Борис кивнул, ушел. Всеслав, оставшись один, не спешил: сперва прибирался, после одевался, после ходил по гриднице, после молился… А сон из головы не шел! А ведь пустячный, глупый сон. Так натопили, что не продохнуть, укрылся полушубком – вот и сон. А вещий сон снится не так. Вот крестному: он и не спал тогда, а просто лёг, и Бьорн окольничий его держал, а Торир Собака уже подходил, и были на нем латы из заколдованных оленьих шкур, а его люди громко восклицали: «Вперед, вперед!»… А Олаф ничего не видел и не слышал, ибо его отец уже пришел к нему, взял его за руку – и им открылась лестница, которая была столь высока, что упиралась прямо в небо, а небо было ясное, а лестница была из серебра… И крестный и его отец взошли на эту лестницу и стали чинно подниматься по ней, и, говорят, у крестного были открыты глаза, Бьорн и не думал, что он спит, и поэтому сказал…

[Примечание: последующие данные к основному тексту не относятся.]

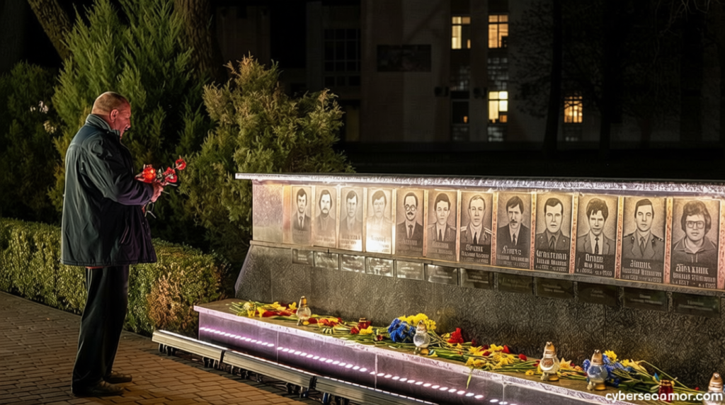 In the northern city of Slavutych, residents gathered at midnight on Saturday to commemorate the disaster, honoring the workers who undertook the cleanup and mourning the victims of the 1986 accident. Candles were lit in the shape of a prominent radiation symbol to mark the occasion. Four years after the disaster, over 600,000 individuals from the Soviet Union joined the effort, risking high radiation exposure as part of the mission.

Вот так же и Борис взял да сказал… Нет-нет! Пресвятый Боже! Нет! Я спал, глаза мои были закрыты, мой сон – не вещий, просто сон, и не за мной Она приходила, это Ее Игнат к себе призвал, ведь так же, Господи?!
Но лик был черен, и лампадка чуть мерцала…

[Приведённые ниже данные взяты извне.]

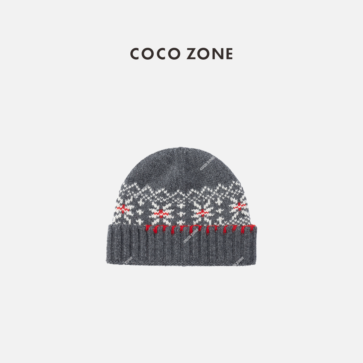 COCO ZONE 秋冬复古费尔岛提花毛线针织帽CC1D2465
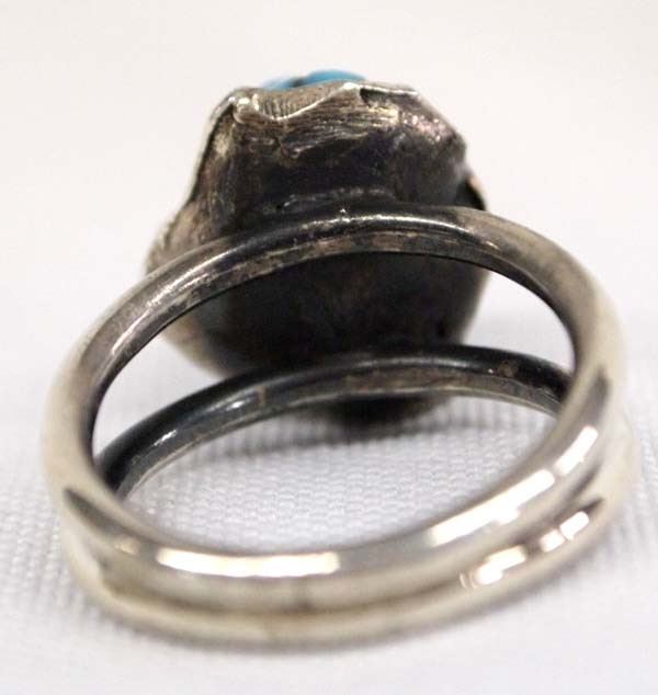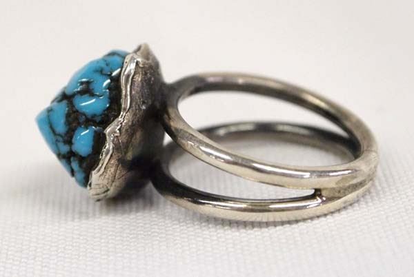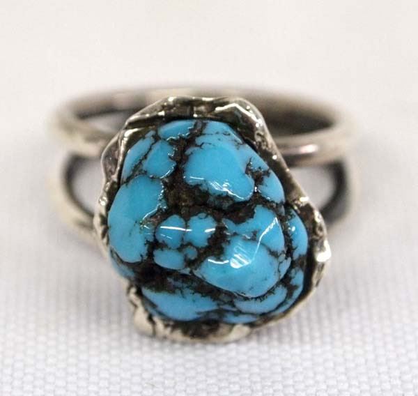 Native American Navajo Sterling Silver Turquoise Nugget Ring, Size 7.5, 8.8g in total wt.

А за окном было уже почти совсем светло. Значит, пора идти. Всеслав встал с колен, еще раз – широко – перекрестился. Был сон – и был, пусть так. Ибо коли на то воля Твоя, то разве убежим мы от гнева Твоего?! Да и отбегался я, Господи, устал, теперь покоя жду…
Пошел.
Они сидели в гриднице – купцы по левую руку, а сыновья по правую, – и чинно молчали. Всеслав вошел – все встали, поклонились. Свияр Ольвегович ниже всех спину гнул. Слаб человек, насмешливо подумалось, ведь знаешь, кто таков этот Свияр, а все равно его согбенная спина тебе любезна…
Поклонились они – и Всеслав поклонился в ответ. Потом сказал:
– Будь здрав, град-господарь!
Они зашумели. И то! «Град-господарь» им сказано! А ведь они еще не выбраны, они еще никто, «град-господарь» – это Любим и его прихвостни, им Полтеск силу дал, печать, а эти кто?
Ладно, пусть тешатся! Всеслав неспешно сел. И так же неспешно сказал:
– И вы садитесь, град. И вы, сыны мои. В ногах правды нет.
Все чинно сели. Всеслав помолчал… И начал, как всегда, издалека, кругами – чернь, как и малых ребят, нужно долго обхаживать:
– Да, правды в ногах нет, – сказал. – А где она? Вот, говорят, – и усмехнулся. – Вот как-то раз… Пошли вот как-то раз святой Никола и святой Илья по земле походить – по нашей или не по нашей… И вот идут они день, идут два, неделю, две идут – по городам, по весям. Где у хозяина переночуют, а где под чистым небом. Идут… И вдруг говорит святой Илья святому Николе: «А что, Никола, а есть ли среди людей правда? Потому что сколько я смотрю…» – и замолчал Всеслав, задумался, после опять заговорил: – Но это они! Святые! А я вот семьдесят и один год ходил и ничего не выходил. И вам, я думаю, так будет. Вы ведь за правдой пришли; так, град?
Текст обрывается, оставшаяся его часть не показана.